Lemma 3 Let X be a stochastic process. Then, the following are equivalent.

1. X is a continuous FV process.
2. X is a semimartingale with zero quadratic variation.
3. X is a continuous semimartingale such that ${[X,M]=0}$ for all (continuous) local martingales M.

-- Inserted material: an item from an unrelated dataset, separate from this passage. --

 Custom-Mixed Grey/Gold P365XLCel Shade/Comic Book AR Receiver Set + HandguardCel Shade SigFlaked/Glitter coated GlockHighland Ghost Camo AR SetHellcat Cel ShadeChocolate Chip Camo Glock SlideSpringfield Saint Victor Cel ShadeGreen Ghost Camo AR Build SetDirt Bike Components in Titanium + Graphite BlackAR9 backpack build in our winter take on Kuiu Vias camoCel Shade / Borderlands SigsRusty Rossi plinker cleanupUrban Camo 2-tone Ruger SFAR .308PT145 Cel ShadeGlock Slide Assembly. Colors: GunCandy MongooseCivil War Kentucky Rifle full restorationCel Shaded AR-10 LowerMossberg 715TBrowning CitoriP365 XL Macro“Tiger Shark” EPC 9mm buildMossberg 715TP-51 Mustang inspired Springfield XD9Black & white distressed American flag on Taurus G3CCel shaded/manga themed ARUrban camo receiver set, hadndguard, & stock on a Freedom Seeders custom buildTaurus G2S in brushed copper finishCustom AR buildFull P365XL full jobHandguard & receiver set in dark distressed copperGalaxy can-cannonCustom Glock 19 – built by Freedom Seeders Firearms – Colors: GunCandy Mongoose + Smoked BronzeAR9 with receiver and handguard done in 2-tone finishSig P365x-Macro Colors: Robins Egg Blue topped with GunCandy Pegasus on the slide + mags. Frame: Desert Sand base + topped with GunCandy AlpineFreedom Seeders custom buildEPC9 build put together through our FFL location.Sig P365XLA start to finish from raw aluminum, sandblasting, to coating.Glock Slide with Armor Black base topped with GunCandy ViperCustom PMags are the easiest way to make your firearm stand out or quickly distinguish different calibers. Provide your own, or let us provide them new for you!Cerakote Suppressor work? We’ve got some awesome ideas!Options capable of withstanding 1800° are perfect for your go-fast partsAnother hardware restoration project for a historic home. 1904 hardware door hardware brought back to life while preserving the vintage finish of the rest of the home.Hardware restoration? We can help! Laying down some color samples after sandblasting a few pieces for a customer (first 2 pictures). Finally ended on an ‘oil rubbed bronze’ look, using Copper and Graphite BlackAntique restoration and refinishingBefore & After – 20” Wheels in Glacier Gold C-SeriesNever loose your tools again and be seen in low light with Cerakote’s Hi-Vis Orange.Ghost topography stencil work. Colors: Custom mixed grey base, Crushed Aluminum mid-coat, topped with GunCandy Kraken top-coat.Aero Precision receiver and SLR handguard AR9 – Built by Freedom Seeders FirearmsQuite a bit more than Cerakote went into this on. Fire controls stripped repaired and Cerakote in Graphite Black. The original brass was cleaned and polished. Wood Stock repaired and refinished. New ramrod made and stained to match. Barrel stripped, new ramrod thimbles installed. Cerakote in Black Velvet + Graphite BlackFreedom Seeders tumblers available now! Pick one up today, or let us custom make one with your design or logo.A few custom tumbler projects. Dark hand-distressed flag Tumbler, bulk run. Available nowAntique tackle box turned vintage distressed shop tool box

Proof: It was previously shown that all continuous FV processes are semimartingales with zero quadratic variation. Next, if X is a semimartingale with zero quadratic variation then ${(\Delta X)^2=\Delta[X]=0}$, so X is continuous. Also, the Cauchy-Schwarz inequality gives

$\displaystyle \left\vert[X,M]_t\right\vert\le\sqrt{[X]_t[M]_t}=0$

for all local martingales M. So, it only needs to be shown that, if X is a continuous semimartingale with zero quadratic covariation against all continuous local martingales then it is an FV process. Let ${X=M+A}$ be decomposition (1). As A is an FV process, the quadratic covariation ${[A,M]}$ is zero. Also, by hypothesis, ${[X,M]}$ is zero. So, M is a continuous local martingale with quadratic variation ${[M]=[X-A,M]=0}$ and, hence is constant. Therefore, ${X=M_0+A}$ is an FV process. $\Box$

It is also possible to describe integration with respect to continuous FV processes in terms of their Jordan decomposition applied to the sample paths. If A is an FV process, this allows us to write ${A-A_0=A^{+}-A^{-}}$ for increasing processes ${A^+}$ and ${A^-}$ starting from zero. This can be done in such a way that ${A^+}$ and ${A^-}$ are minimal, in which case I refer to them as the increasing and decreasing parts of A respectively. Alternatively, ${A^+}$ and ${A^-}$ are the minimum nonnegative processes such that ${A^+-A}$ and ${A^-+A}$ are increasing. The variation ${V_t}$ of A up until a time t is given by ${V_t=A^+_t+A^-_t}$. As A is right-continuous, ${A^+,A^-,V}$ are also right-continuous. It can also be seen that they are measurable and adapted by computing them along a partition. Choosing times ${0=t_0\le t_1\le\cdots\le t_n=t}$ then,

$\displaystyle \setlength\arraycolsep{2pt} \begin{array}{rl} \displaystyle V_t &\displaystyle=\lim\sum_{k=1}^n\vert A_{t_k}-A_{t_{k-1}}\vert,\smallskip\\ \displaystyle A^+_t &\displaystyle=\lim\sum_{k=1}^n\left(A_{t_k}-A_{t_{k-1}}\right)_+,\smallskip\\ \displaystyle A^-_t &\displaystyle=\lim\sum_{k=1}^n\left(A_{t_k}-A_{t_{k-1}}\right)_-. \end{array}$

The limits here are all taken as ${n\rightarrow\infty}$ and as the mesh of the partition, ${\max_k(t_k-t_{k-1})}$, goes to zero. So, ${A^+,A^-,V}$ are adapted increasing and right-continuous processes. The Hahn decomposition theorem implies that there exists a measurable process ${\xi}$ with ${\vert\xi\vert=1}$ such that ${\int1_{\{\xi > 0\}}\,dA=A^+}$, ${-\!\int1_{\{\xi < 0\}}\,dA=A^-}$ and, consequently, ${\int\xi\,dA=V}$. In general, ${\xi}$ will not be predictable. However, in the case where A is a continuous FV process then ${A^+,A^-,V}$ will be continuous and the following lemma shows that ${\xi}$ can be taken to be predictable.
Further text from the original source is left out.